Pictures found in the material must be left out, and every line returned as written.
__________________________________________________
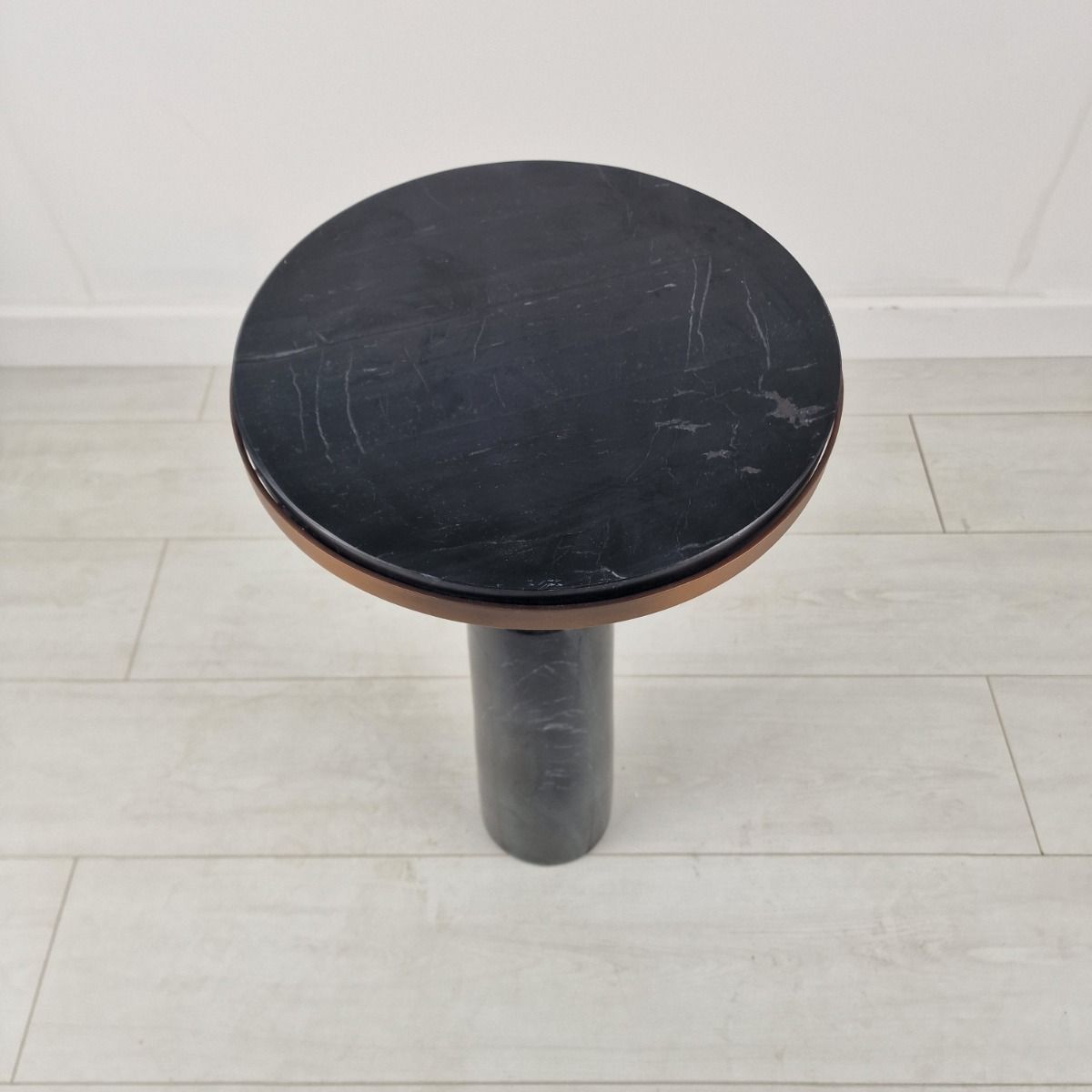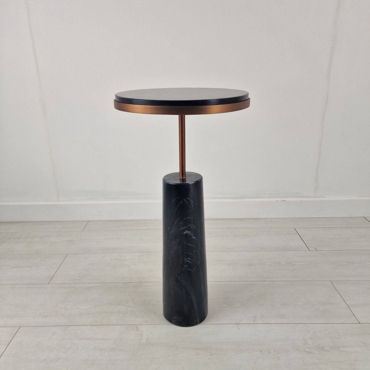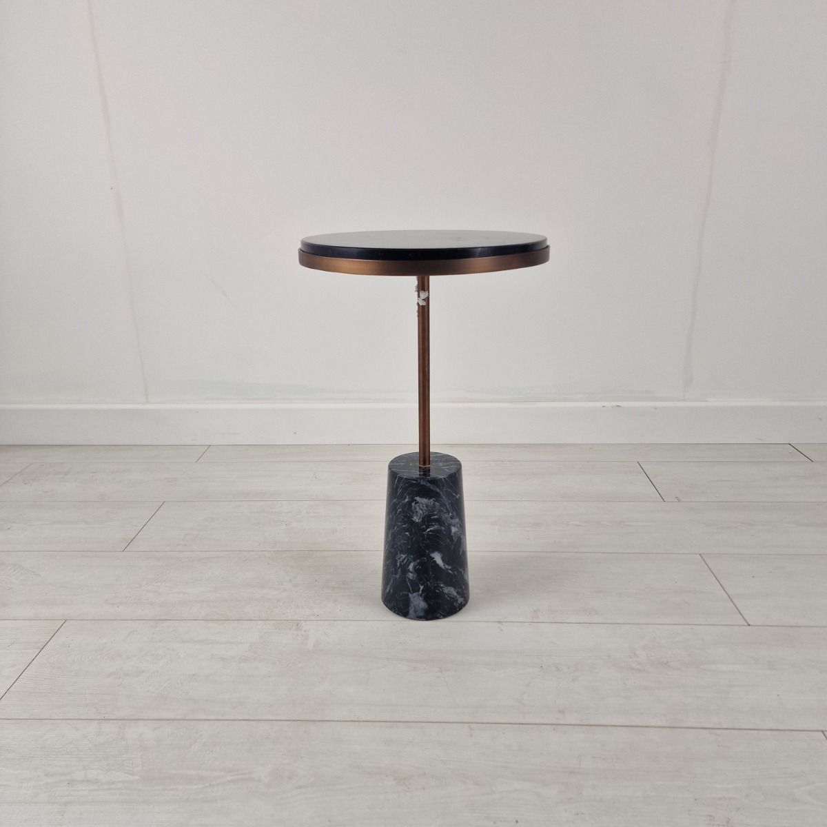 Clearance Item – Sold as Seen Black marble meets antique bronze in a rich, confident composition. A weighted base and slender stem lend a refined sense of geometry, making these tables equally at home in hotel suites or sophisticated residential interiors. The small table is in good condition. The large table has small scratches on the top surface in multiple locations – please refer to the attached images. Imperfections are to be expected, and the items are sold as...
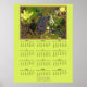 Weinreben. Foto eines Haufen lila Trauben, die inmitten von grün und orange gesprenkelten Blätter hängen. 12 Monate Kalender unten.
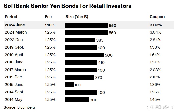 Bloomberg汇编的数据显示,软银的承销费仍是今年其他零售债券平均承销费的两倍多。
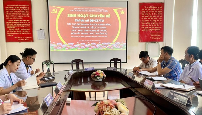 Sáng ngày 23/3/2026, nhằm nâng cao kỷ luật, kỷ cương hành chính và trách nhiệm trong thực thi công vụ, Chi bộ Bệnh viện đa khoa Nam Liên Chiểu đã tổ chức sinh hoạt chuyên đề triển khai Chỉ thị số 05-CT/TU của Ban Thường vụ Thành uỷ Đà Nẵng.
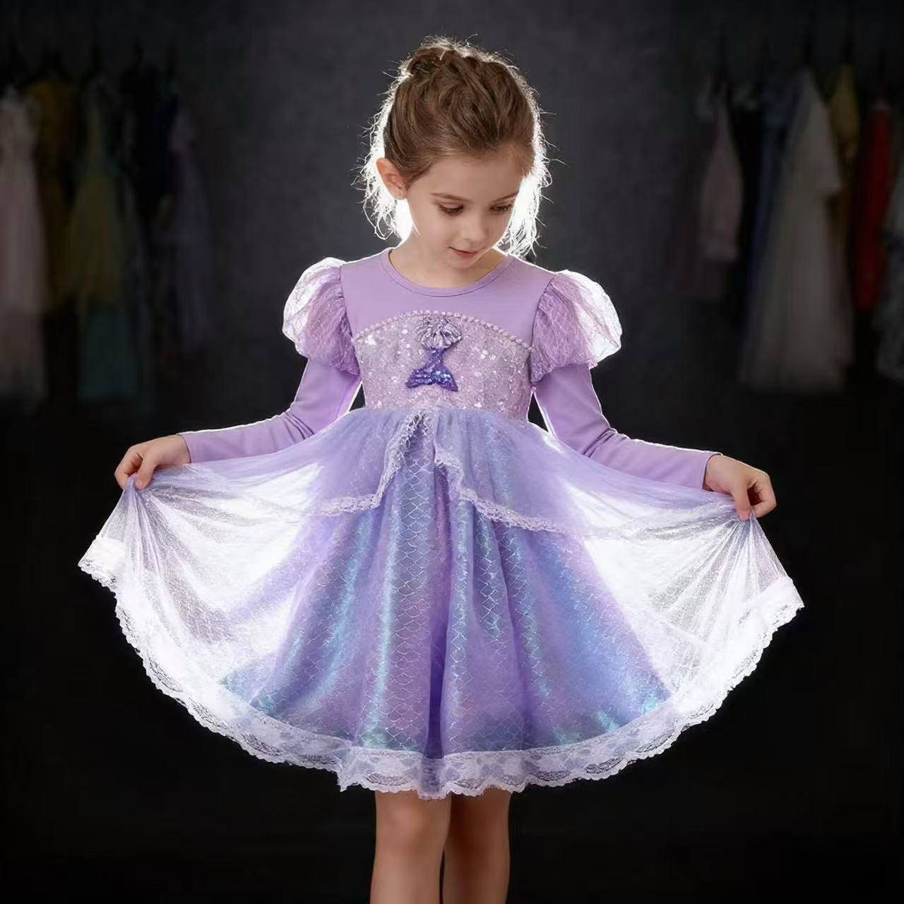 Long Sleeve/Violet/Mermaid/Princess Dress
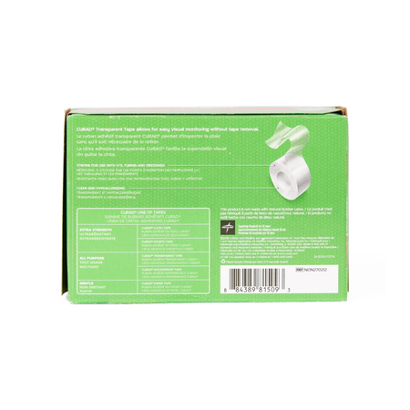 Specifications: CURAD® Premium Transparent Tape, ½" x 10 yd.; breathable, water-repellent, latex-free; 24 rolls per box, 10 boxes per case (240 per case).
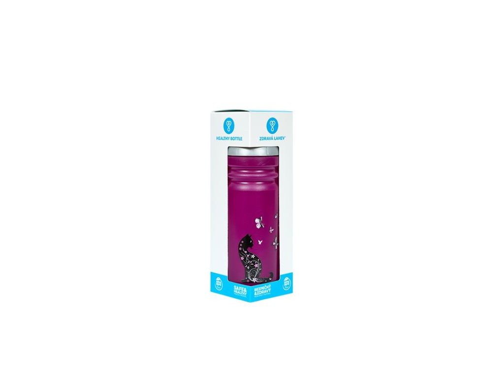 Zdravá lahev Kočka, dětská lahev s kočkou, školní lahev pro děti, zdravotně nezávadná lahev, česká lahev bez BPA, ekologická plastová lahev 0,7 l, lahev na pití s kočičím motivem, lahev do školy i na výlety, odolná lahev s kočkou.
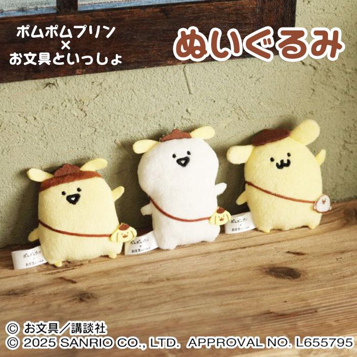 「ポムポムプリン」と「お文具といっしょ」の癒し系コラボイラストを使用した『フラットぬいぐるみマスコット』が登場です。
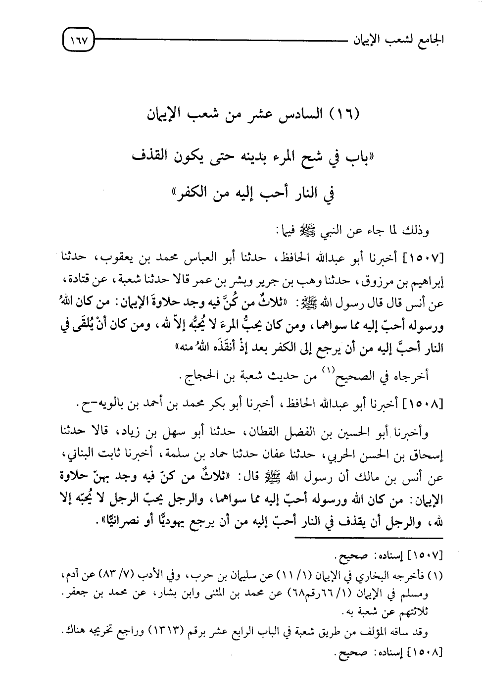 1507 - أَخْبَرَنَا أَبُو عَبْدِ اللهِ الْحَافِظُ، حدثنا أَبُو الْعَبَّاسِ مُحَمَّدُ بْنُ يَعْقُوبَ، حدثنا إِبْرَاهِيمُ بْنُ مَرْزُوقٍ، حدثنا وَهْبُ بْنُ جَرِيرٍ، وَبِشْرُ بْنُ عُمَرَ، قَالَا: حدثنا شُعْبَةُ، عَنْ قَتَادَةَ، عَنْ أَنَسٍ، قَالَ: قَالَ رَسُولُ اللهِ صَلَّى اللَّهُ عَلَيْهِ وَسَلَّمَ: " §ثَلَاثٌ مَنْ كُنَّ فِيهِ وَجَدَ حَلَاوَةَ الْإِيمَانِ: مَنْ كَانَ اللهُ وَرَسُولُهُ أَحَبَّ إِلَيْهِ مِمَّا سِوَاهُمَا، وَمَنْ كَانَ يُحِبُّ الْمَرْءَ لَا يُحِبُّهُ إِلَّا لِلَّهِ، وَمَنْ كَانَ أَنْ يُلْقَى فِي النَّارِ أَحَبَّ إِلَيْهِ مِنْ أَنْ يَرْجِعَ إِلَى الْكُفْرِ بَعْدَ إِذْ أَنْقَذَهُ اللهُ مِنْهُ " أَخْرَجَاهُ فِي الصَّحِيحِ مِنْ حَدِيثِ شُعْبَةَ بْنِ الْحَجَّاجِ
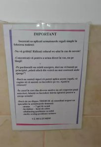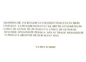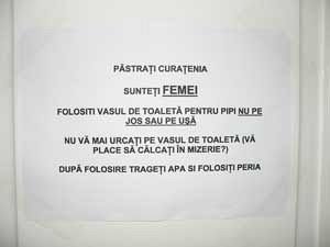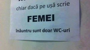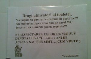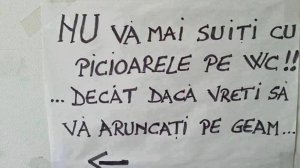 ROMÂNIA EDUCATĂ: „Sunteţi femei, folosiți vasul de toaletă pentru pipi, nu pe jos sau pe ușă! Înaintea clipelor de ușurare, asigură-te că apa curge!”
__________________________________________________
WRITTEN REPLY ▸
 Clearance Item – Sold as Seen Black marble meets antique bronze in a rich, confident composition. A weighted base and slender stem lend a refined sense of geometry, making these tables equally at home in hotel suites or sophisticated residential interiors. The small table is in good condition. The large table has small scratches on the top surface in multiple locations – please refer to the attached images. Imperfections are to be expected, and the items are sold as...
 Weinreben. Foto eines Haufen lila Trauben, die inmitten von grün und orange gesprenkelten Blätter hängen. 12 Monate Kalender unten.
 Bloomberg汇编的数据显示,软银的承销费仍是今年其他零售债券平均承销费的两倍多。
 Sáng ngày 23/3/2026, nhằm nâng cao kỷ luật, kỷ cương hành chính và trách nhiệm trong thực thi công vụ, Chi bộ Bệnh viện đa khoa Nam Liên Chiểu đã tổ chức sinh hoạt chuyên đề triển khai Chỉ thị số 05-CT/TU của Ban Thường vụ Thành uỷ Đà Nẵng.
 Long Sleeve/Violet/Mermaid/Princess Dress
 Specifications: CURAD® Premium Transparent Tape, ½" x 10 yd.; breathable, water-repellent, latex-free; 24 rolls per box, 10 boxes per case (240 per case).
 Zdravá lahev Kočka, dětská lahev s kočkou, školní lahev pro děti, zdravotně nezávadná lahev, česká lahev bez BPA, ekologická plastová lahev 0,7 l, lahev na pití s kočičím motivem, lahev do školy i na výlety, odolná lahev s kočkou.
 「ポムポムプリン」と「お文具といっしょ」の癒し系コラボイラストを使用した『フラットぬいぐるみマスコット』が登場です。
 1507 - أَخْبَرَنَا أَبُو عَبْدِ اللهِ الْحَافِظُ، حدثنا أَبُو الْعَبَّاسِ مُحَمَّدُ بْنُ يَعْقُوبَ، حدثنا إِبْرَاهِيمُ بْنُ مَرْزُوقٍ، حدثنا وَهْبُ بْنُ جَرِيرٍ، وَبِشْرُ بْنُ عُمَرَ، قَالَا: حدثنا شُعْبَةُ، عَنْ قَتَادَةَ، عَنْ أَنَسٍ، قَالَ: قَالَ رَسُولُ اللهِ صَلَّى اللَّهُ عَلَيْهِ وَسَلَّمَ: " §ثَلَاثٌ مَنْ كُنَّ فِيهِ وَجَدَ حَلَاوَةَ الْإِيمَانِ: مَنْ كَانَ اللهُ وَرَسُولُهُ أَحَبَّ إِلَيْهِ مِمَّا سِوَاهُمَا، وَمَنْ كَانَ يُحِبُّ الْمَرْءَ لَا يُحِبُّهُ إِلَّا لِلَّهِ، وَمَنْ كَانَ أَنْ يُلْقَى فِي النَّارِ أَحَبَّ إِلَيْهِ مِنْ أَنْ يَرْجِعَ إِلَى الْكُفْرِ بَعْدَ إِذْ أَنْقَذَهُ اللهُ مِنْهُ " أَخْرَجَاهُ فِي الصَّحِيحِ مِنْ حَدِيثِ شُعْبَةَ بْنِ الْحَجَّاجِ
 ROMÂNIA EDUCATĂ: „Sunteţi femei, folosiți vasul de toaletă pentru pipi, nu pe jos sau pe ușă! Înaintea clipelor de ușurare, asigură-te că apa curge!”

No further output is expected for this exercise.